Problem statement
Copy out every line of the listing in which "three" appears.

Input records
++++++++

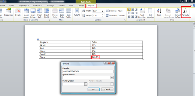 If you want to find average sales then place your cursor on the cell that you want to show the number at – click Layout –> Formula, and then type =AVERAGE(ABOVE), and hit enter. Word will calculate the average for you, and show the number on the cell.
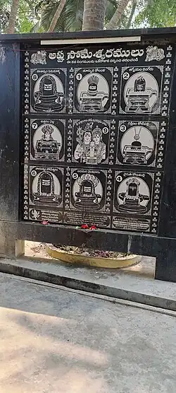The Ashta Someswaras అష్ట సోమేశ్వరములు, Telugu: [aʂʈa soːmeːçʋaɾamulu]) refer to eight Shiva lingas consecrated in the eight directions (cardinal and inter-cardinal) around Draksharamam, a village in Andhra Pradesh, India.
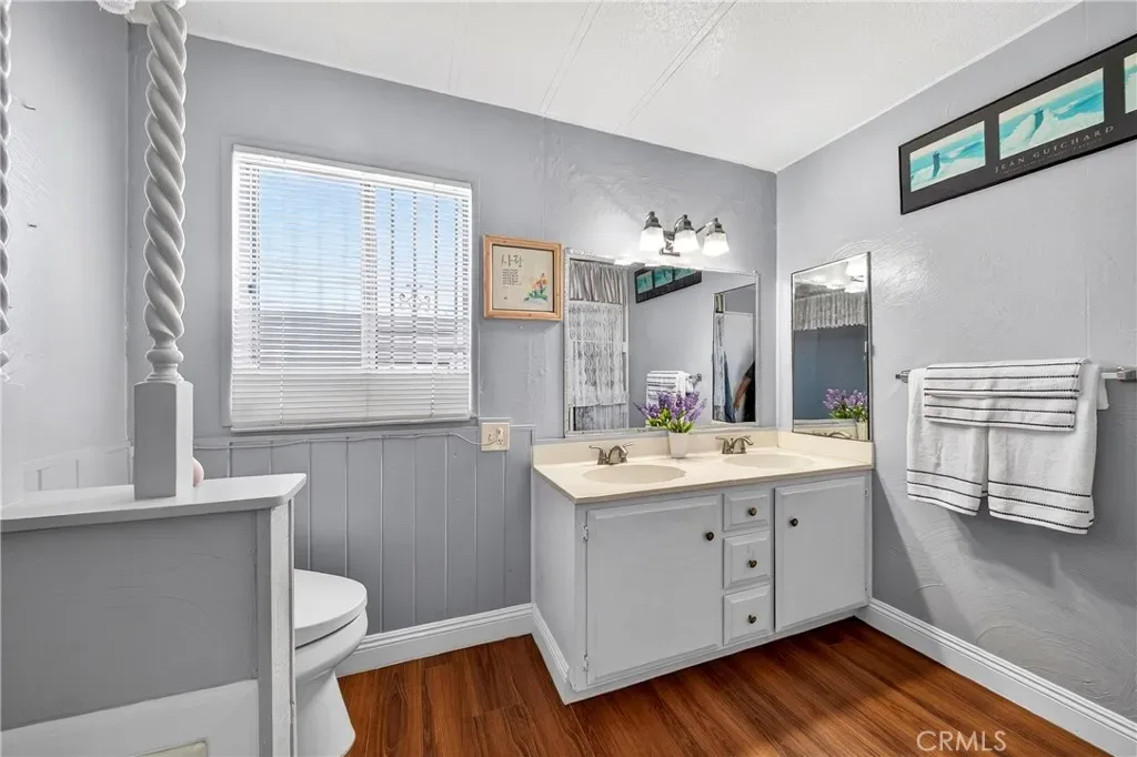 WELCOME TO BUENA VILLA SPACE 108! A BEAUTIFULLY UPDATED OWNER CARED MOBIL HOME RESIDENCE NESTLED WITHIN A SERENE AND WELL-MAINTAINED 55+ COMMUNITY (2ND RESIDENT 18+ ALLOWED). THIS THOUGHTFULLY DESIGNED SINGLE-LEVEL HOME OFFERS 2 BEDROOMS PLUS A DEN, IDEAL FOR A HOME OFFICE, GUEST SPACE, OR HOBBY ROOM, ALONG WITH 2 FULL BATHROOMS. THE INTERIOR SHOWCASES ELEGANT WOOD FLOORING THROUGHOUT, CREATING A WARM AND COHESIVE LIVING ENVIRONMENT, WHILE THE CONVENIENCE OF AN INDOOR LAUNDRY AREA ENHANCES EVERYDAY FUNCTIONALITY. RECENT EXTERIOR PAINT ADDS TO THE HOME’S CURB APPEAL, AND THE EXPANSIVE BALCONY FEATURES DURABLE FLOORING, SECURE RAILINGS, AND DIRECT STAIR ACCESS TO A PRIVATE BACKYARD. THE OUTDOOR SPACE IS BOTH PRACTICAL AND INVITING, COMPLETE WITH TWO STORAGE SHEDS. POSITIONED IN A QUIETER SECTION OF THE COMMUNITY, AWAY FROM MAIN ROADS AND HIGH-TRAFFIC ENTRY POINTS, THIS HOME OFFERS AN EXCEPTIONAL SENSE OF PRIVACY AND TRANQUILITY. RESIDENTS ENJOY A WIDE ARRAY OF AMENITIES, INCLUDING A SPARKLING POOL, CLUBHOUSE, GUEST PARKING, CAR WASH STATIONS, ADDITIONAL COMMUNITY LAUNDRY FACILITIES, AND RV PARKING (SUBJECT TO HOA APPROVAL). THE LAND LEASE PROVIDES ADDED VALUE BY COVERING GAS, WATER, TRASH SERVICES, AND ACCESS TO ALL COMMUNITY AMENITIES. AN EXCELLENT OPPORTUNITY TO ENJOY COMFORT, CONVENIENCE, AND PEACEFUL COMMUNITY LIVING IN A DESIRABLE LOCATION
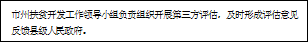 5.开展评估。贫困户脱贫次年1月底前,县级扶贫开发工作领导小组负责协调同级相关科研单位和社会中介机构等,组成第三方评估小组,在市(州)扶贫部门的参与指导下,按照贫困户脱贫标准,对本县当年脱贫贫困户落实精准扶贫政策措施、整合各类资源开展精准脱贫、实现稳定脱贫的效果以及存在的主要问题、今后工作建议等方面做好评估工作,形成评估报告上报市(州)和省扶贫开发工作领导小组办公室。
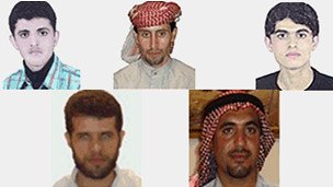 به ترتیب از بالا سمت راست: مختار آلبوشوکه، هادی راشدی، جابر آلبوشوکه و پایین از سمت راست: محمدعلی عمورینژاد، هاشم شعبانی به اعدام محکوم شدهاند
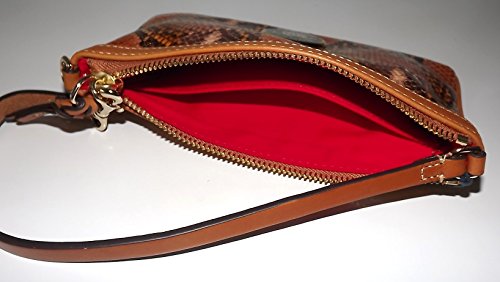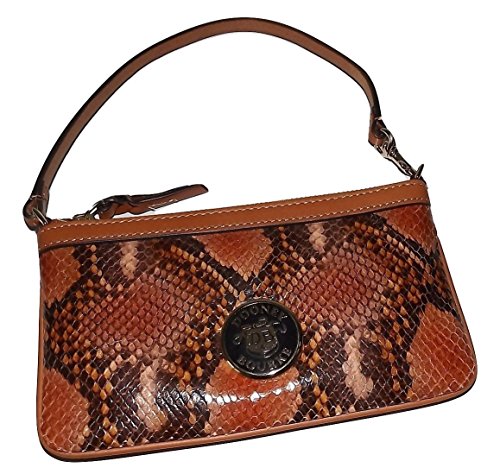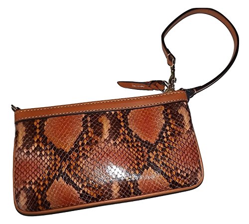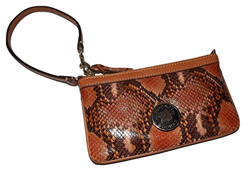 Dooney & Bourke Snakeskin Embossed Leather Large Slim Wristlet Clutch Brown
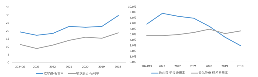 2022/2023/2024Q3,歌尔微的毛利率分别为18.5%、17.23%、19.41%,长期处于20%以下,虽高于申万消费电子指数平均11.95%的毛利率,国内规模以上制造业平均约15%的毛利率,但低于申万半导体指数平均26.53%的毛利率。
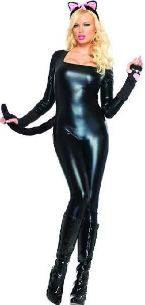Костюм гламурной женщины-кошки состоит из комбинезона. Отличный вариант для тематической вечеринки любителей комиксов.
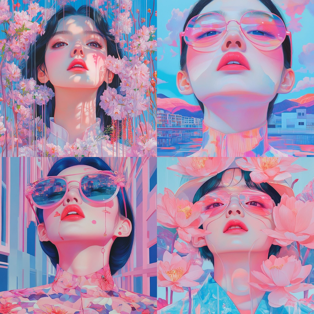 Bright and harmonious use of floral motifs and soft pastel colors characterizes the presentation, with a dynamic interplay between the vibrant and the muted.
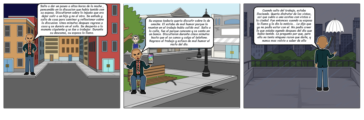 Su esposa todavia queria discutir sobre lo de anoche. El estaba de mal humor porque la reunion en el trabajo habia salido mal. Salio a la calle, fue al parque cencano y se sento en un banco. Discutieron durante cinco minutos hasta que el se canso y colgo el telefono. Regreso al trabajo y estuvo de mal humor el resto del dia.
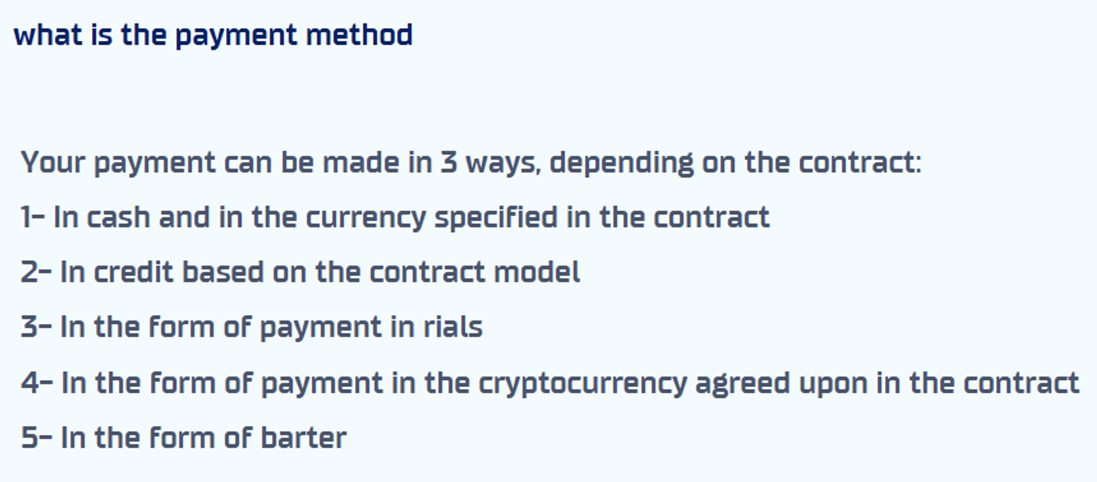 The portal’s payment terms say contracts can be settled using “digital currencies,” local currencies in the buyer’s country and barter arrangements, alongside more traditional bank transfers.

++++++++

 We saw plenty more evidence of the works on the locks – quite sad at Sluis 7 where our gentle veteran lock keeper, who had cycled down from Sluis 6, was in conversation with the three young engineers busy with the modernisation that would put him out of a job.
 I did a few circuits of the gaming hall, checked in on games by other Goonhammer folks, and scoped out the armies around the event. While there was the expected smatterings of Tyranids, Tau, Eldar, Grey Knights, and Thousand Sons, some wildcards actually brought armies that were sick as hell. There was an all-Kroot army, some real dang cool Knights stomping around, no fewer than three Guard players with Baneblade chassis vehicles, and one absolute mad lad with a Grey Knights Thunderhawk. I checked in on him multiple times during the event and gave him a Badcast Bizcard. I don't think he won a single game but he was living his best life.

++++++++

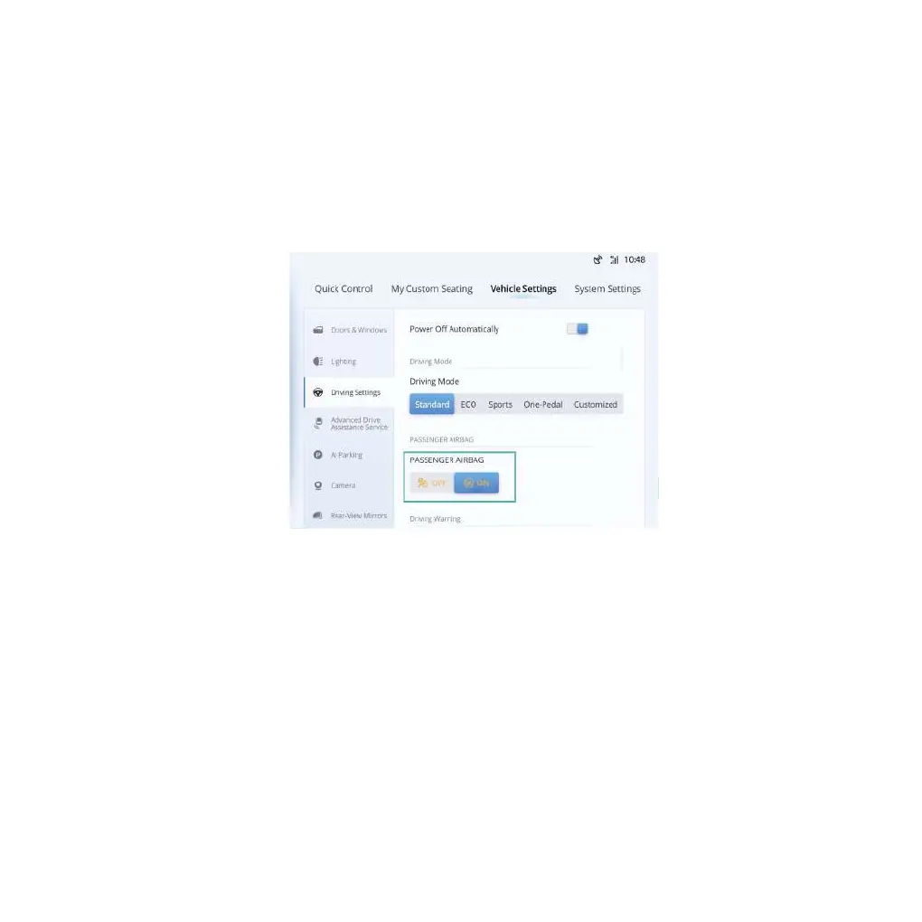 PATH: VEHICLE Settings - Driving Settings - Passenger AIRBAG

++++++++

Solved exercise
 We saw plenty more evidence of the works on the locks – quite sad at Sluis 7 where our gentle veteran lock keeper, who had cycled down from Sluis 6, was in conversation with the three young engineers busy with the modernisation that would put him out of a job.
 I did a few circuits of the gaming hall, checked in on games by other Goonhammer folks, and scoped out the armies around the event. While there was the expected smatterings of Tyranids, Tau, Eldar, Grey Knights, and Thousand Sons, some wildcards actually brought armies that were sick as hell. There was an all-Kroot army, some real dang cool Knights stomping around, no fewer than three Guard players with Baneblade chassis vehicles, and one absolute mad lad with a Grey Knights Thunderhawk. I checked in on him multiple times during the event and gave him a Badcast Bizcard. I don't think he won a single game but he was living his best life.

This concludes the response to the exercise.